━━━━━ SUPPLIED MATERIAL

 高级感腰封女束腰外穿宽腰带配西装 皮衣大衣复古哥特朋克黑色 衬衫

━━━━━━━━━━
━━━━━ SUPPLIED MATERIAL

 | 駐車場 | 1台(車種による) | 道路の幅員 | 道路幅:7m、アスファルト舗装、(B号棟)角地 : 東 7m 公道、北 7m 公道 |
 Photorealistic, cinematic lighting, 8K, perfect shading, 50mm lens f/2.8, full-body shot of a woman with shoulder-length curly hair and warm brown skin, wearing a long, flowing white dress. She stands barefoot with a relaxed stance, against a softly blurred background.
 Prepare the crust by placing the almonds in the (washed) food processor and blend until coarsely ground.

━━━━━━━━━━
━━━━━ SUPPLIED MATERIAL

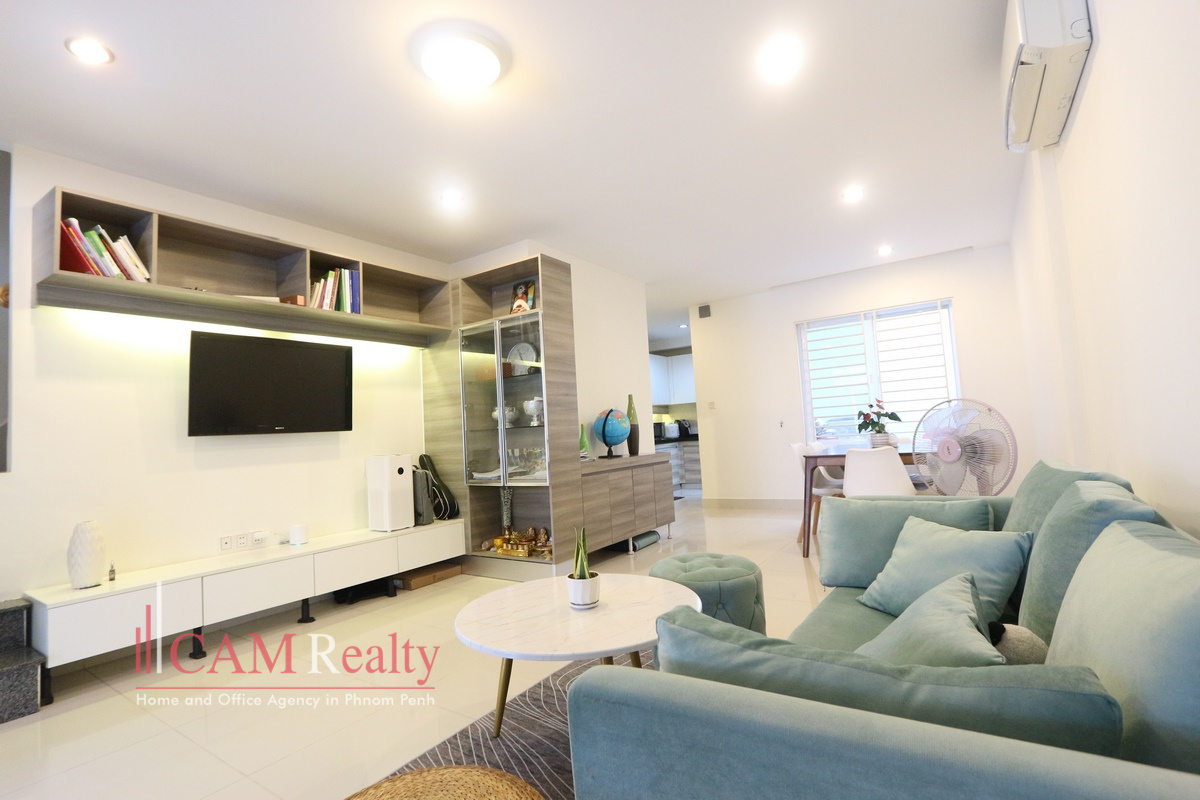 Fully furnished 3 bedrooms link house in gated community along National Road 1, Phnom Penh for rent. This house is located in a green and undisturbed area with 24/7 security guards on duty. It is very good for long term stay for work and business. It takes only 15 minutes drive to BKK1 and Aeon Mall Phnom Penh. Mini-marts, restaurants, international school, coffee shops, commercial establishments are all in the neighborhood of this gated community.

━━━━━━━━━━

• _WORK INSTRUCTION_
Of the entries above, transcribe exactly those lines that fall between the line containing "公道、北 7m 公道 |" and the line containing "Prepare the crust", together with those two lines.

• _YOUR SOLUTION_
 | 駐車場 | 1台(車種による) | 道路の幅員 | 道路幅:7m、アスファルト舗装、(B号棟)角地 : 東 7m 公道、北 7m 公道 |
 Photorealistic, cinematic lighting, 8K, perfect shading, 50mm lens f/2.8, full-body shot of a woman with shoulder-length curly hair and warm brown skin, wearing a long, flowing white dress. She stands barefoot with a relaxed stance, against a softly blurred background.
 Prepare the crust by placing the almonds in the (washed) food processor and blend until coarsely ground.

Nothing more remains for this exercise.